Here is a listing. Write it all out again exactly, but not its pictures.
#### INFORMATION SUPPLIED
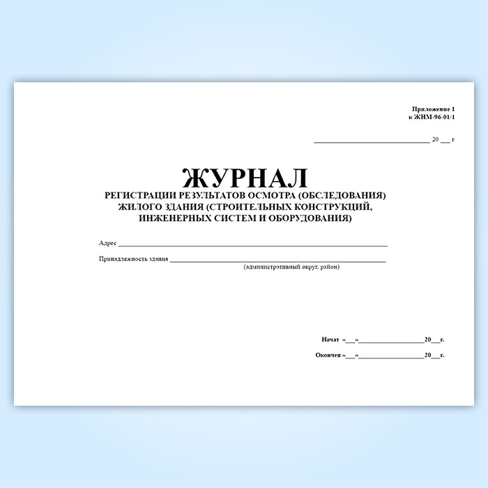 Журнал регистрации результатов осмотра (обследования) жилого здания (строительных конструкций, инженерных систем и оборудования). (Приложение к форме ЖНМ-96-01/1)
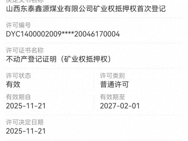 山西东泰鑫源煤业首次办理矿业权抵押权登记
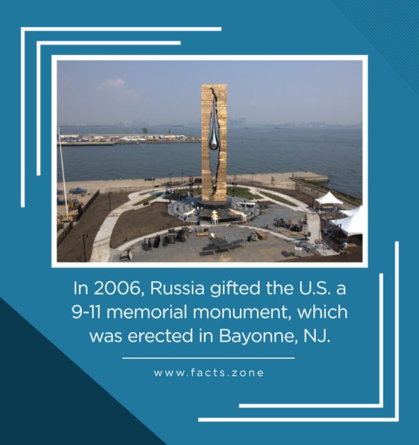 In 2006, Russia gifted the U.S. a 9-11 memorial monument, which was erected in Bayonne, NJ
########
SOLVED EXERCISE:
 Журнал регистрации результатов осмотра (обследования) жилого здания (строительных конструкций, инженерных систем и оборудования). (Приложение к форме ЖНМ-96-01/1)
 山西东泰鑫源煤业首次办理矿业权抵押权登记
 In 2006, Russia gifted the U.S. a 9-11 memorial monument, which was erected in Bayonne, NJ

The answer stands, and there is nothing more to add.